== Exercise directions ==
Go to the line below that has "Guľôčkové pero, 0,5", print it and each line after it exactly, and stop after the line that has "Popular Willow Bend"; leave out pictures.

== Data extracts ==
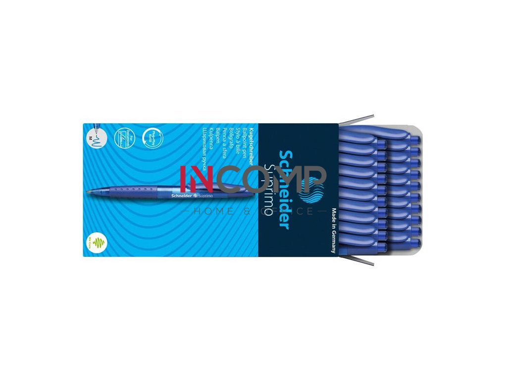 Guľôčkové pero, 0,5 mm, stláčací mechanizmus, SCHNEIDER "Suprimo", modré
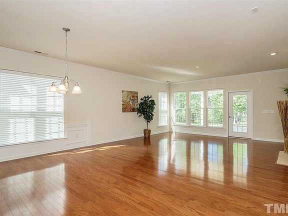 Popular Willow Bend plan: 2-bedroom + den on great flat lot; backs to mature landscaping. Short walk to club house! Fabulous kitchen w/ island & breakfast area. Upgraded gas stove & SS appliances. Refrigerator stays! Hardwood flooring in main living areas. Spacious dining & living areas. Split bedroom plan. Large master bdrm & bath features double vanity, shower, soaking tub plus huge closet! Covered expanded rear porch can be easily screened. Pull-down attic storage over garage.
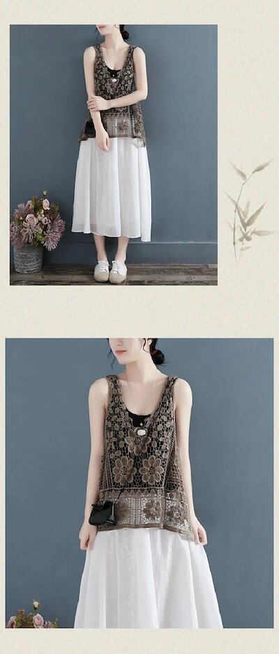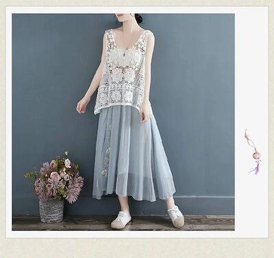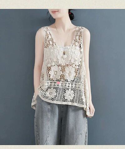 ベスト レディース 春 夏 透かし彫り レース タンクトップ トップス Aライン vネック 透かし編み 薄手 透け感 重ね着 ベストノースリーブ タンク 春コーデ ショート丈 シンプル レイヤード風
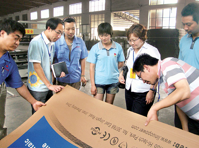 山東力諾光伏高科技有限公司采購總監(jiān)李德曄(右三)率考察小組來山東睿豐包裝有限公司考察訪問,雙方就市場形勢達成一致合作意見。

==

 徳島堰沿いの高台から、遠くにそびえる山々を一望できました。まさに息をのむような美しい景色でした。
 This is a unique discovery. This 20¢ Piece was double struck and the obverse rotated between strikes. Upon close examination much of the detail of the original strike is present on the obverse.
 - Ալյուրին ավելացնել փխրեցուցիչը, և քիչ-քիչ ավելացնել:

==

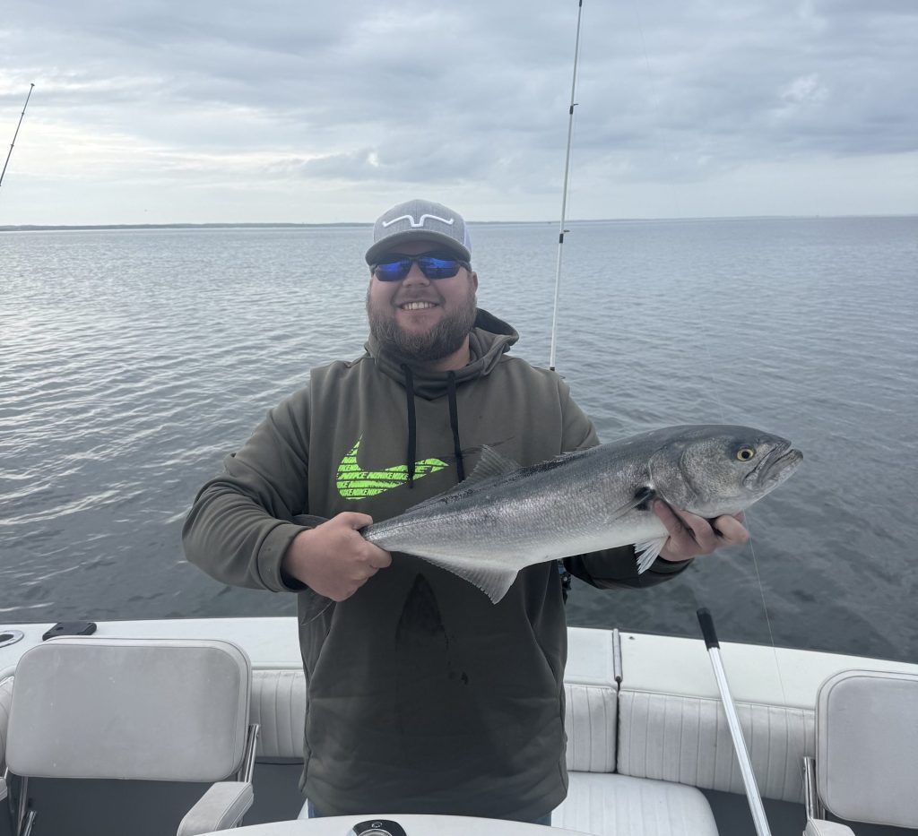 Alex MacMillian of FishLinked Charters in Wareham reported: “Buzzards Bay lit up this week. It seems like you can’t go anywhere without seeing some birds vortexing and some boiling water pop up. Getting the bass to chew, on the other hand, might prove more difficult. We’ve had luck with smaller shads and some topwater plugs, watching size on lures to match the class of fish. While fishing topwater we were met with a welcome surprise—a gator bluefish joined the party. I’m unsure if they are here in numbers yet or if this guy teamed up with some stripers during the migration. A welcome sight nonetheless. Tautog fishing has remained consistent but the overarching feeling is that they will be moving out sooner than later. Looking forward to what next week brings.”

== Output ==
 Guľôčkové pero, 0,5 mm, stláčací mechanizmus, SCHNEIDER "Suprimo", modré
 Popular Willow Bend plan: 2-bedroom + den on great flat lot; backs to mature landscaping. Short walk to club house! Fabulous kitchen w/ island & breakfast area. Upgraded gas stove & SS appliances. Refrigerator stays! Hardwood flooring in main living areas. Spacious dining & living areas. Split bedroom plan. Large master bdrm & bath features double vanity, shower, soaking tub plus huge closet! Covered expanded rear porch can be easily screened. Pull-down attic storage over garage.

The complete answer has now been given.